救援物資を載せたスカイボートが、宇宙港アモル近傍へと辿り着く。
『ピストン輸送は任せておけ!』
そう意気込むジムの号令一下、パドゥキャレ同盟艦隊がスカイボートへと降り立つ。彼らの手により、物資は着々とアモルへと搬入されていった。
『此度被災された方々へ、心より見舞い申し上げる。我がアイセナ王国は、貴国首都港の早期復旧を祈念し、斯くの如く支援する』
時を同じくした女王の公式声明は、帝国の民に少なからず衝撃を与えたようだ。帝国の窮状に付け込み、叛乱を企てる輩を牽制できた事だろう。
首都港アモルは帝国兵主導で、家屋の再建を推し進めていた。それに伴い、救助母艦から同港への避難民輸送も活発化する。

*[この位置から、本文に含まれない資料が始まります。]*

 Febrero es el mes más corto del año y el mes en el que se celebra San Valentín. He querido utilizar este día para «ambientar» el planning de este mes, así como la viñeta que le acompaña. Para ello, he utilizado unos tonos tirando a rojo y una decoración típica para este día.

一方で俺たちは、港自体を秘密裏に改装する。港内に青星鉄を扱う工廠を設け、新型艦生産の目処をつけた。皇帝に献じた量子通信端末も修理し、今後に備えている。
☆
『AIガゼル、ノード〝スカイボート#A〟に接続完了』
俺は新造した輸送母艦内に、ジムらパドゥキャレ同盟の面々を招き入れていた。
「全艦に達する。本艦はこれより、ゲイル星系への跳躍航行に移る」
スカイボート艦長職を拝命したジムが、艦橋から配下たちへと艦内放送を行っている。艦橋の定員は二名。半ば当たり前のように、戦闘艦向け直列操縦席を艤装していた。

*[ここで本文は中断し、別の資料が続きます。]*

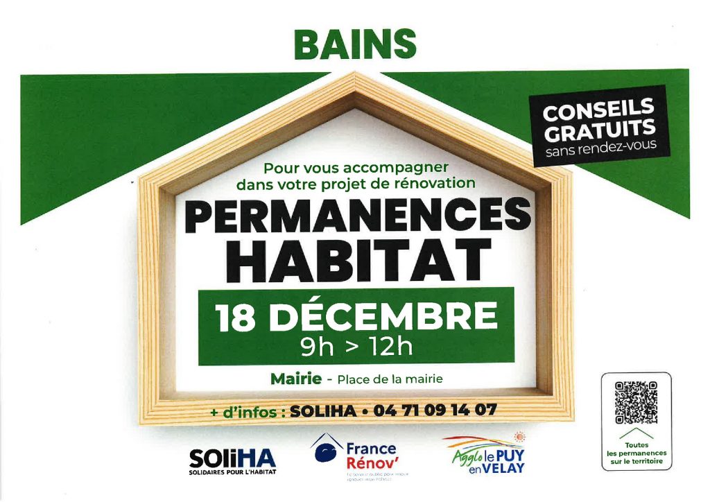 Les permanences Habitat de l’OPAH-Communautaire permettent de conseiller et guider les habitants de l’agglomération du Puy-en-Velay dans la rénovation de leur logement ; celle planifiée sur notre commune se déroulera le jeudi 18 décembre de 9h à 12h à la Salle sous la Mairie. Ces conseils sont gratuits.
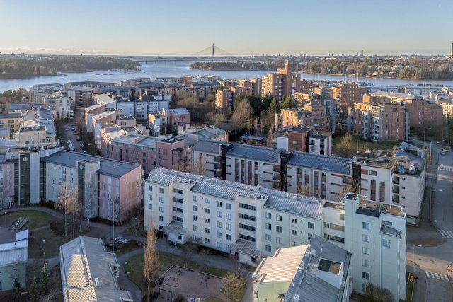 Tämä hyväkuntoinen päätyasunto tarjoaa mukavaa asumista vuonna 1995 valmistuneessa talossa. Kodin tavallisesta poikkeava pohjaratkaisu tekee tästä kokoistaan isomman tuntuisen ja ikkunat kolmeen eri suuntaan tuovat luonnonvaloa koko huoneistoon. Olohuoneesta pääsee suoraan etelään/länteen avautuvalle suurelle lasitetulle parvekkeelle, jonne on myös käynti suoraan saunasta. Remontoidun, toimivan keittiön yhteydessä on erillinen ruokailutila. Kaksi makuuhuonetta, joista toisessa on lisänä vaatehuone. Erillinen wc, minne saat tarvittaessa vaikka pesutornin. Taloyhtiöstä löytyy asianmukaiset säilytystilat, kuten kellarikomerot ja pyörävarastot, sekä pyykkitupa ja kuivaushuone.
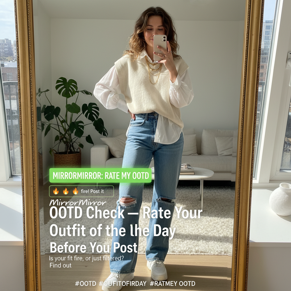 Run your OOTD through MirrorMirror before Instagram. An 8+ means it's post-worthy — below that, swap one piece.
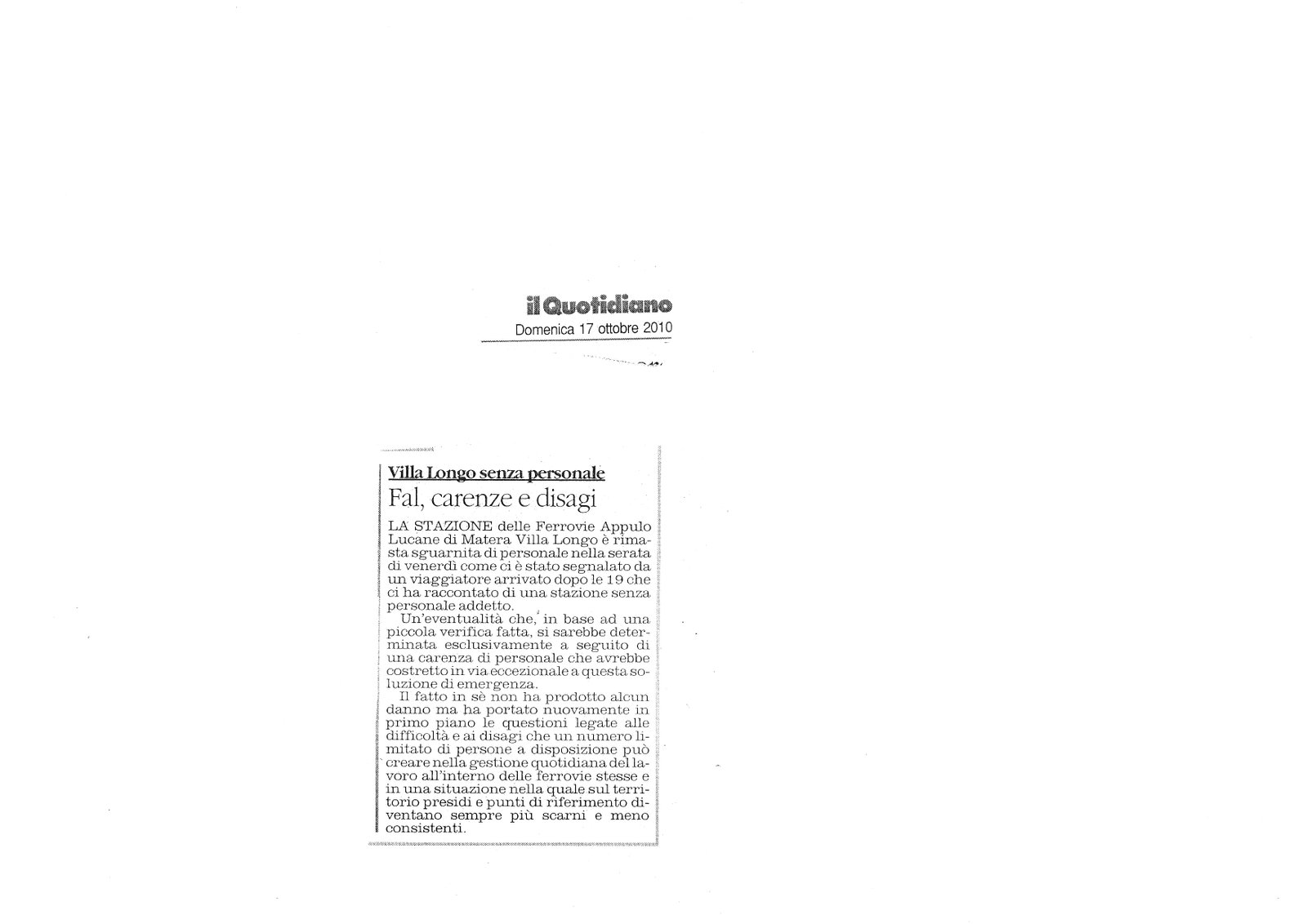 Fal, carenze e disagi Pubblicato il 17/10/2010 Fonte : il Quotidiano – Basilicata Allegati: Scarica articolo originale Dimensioni: 382 KB

「平和を背負う大商いだ。各員、職務に精励せよ。健闘を祈る」
後席の艦長が回線を閉じ、前席の副長が跳躍準備を始めた。
「航法諸元、入力。自動転針、完了。缶圧正常、確認。跳躍警報、発令――」
副長の発進シークエンスに艦が応える。全長約三粁を誇る板状の艦影が、舳先をゲイル星系の主星へと向けていた。推力重量比が悪い輸送母艦は、助走を跳躍エネルギーに転用する事が難しい。停止したままエネルギーを十分に過給する必要がある。艦は核融合炉を順調に稼働させ、乗員に注意を促す警報が鳴った。
「跳躍機構、接続。駐艦制動、解除。跳躍航行、開始」
引き絞られた矢が放たれるが如く、輸送母艦スカイボートは跳躍航行へと移行した。
「跳躍航路、追従確認。制御権、移譲」
「制御権、掌握。……副長、お疲れ様でした」
操艦を中断した副長が深く息をつく。ここからは俺が代わり、作戦会議を行う。
「ドデカい借りが出来ちまったもんだ。……お前さんは、加減ってものを知らんのか?」
「私は常に全力だ。当てにしているぞ、ジム」
俺の答えに、ジムが哄笑する。
「はっはっは。任されよう。……さて、今後の予定だが」
「約二時間後にゲイル星系到着。新型艦引き渡し後に、赤星鉄搬入。並行して、宇宙港ルテアに使者を出す予定だ、艦長」
副長が即座に応答する。輸送母艦スカイボートには、試験生産された新型艦を満載していた。宙蝗との戦いに備え、ゲイル星系の守りを固める。
「続いてブルート星系へ出立。取引で青星鉄に積み替え。以後は三角輸送で、乗員の慣熟訓練ですね? 副長」
「ルコ・ビュイだ。ルコでいい。俺にだけ余所余所しくしてくれるなよ、ガゼル」
赤毛の長髪から、彫りの深い整った顔貌が覗く。若いが肚の座った良い眼をしていた。
「こいつはつい最近まで、輸送艦パンフェルに乗っていたのさ。……以前お前さんが助け、航行記録を取引しただろう?」
「俺は、借りを作り過ぎない主義なのさ、ガゼル」
漸く思い出した。傭兵アノニム追跡の手掛かりをくれた、あの輸送艦の乗員らしい。宙戝の襲撃に対し、適切に対処していた彼の手腕は、今もはっきりと覚えている。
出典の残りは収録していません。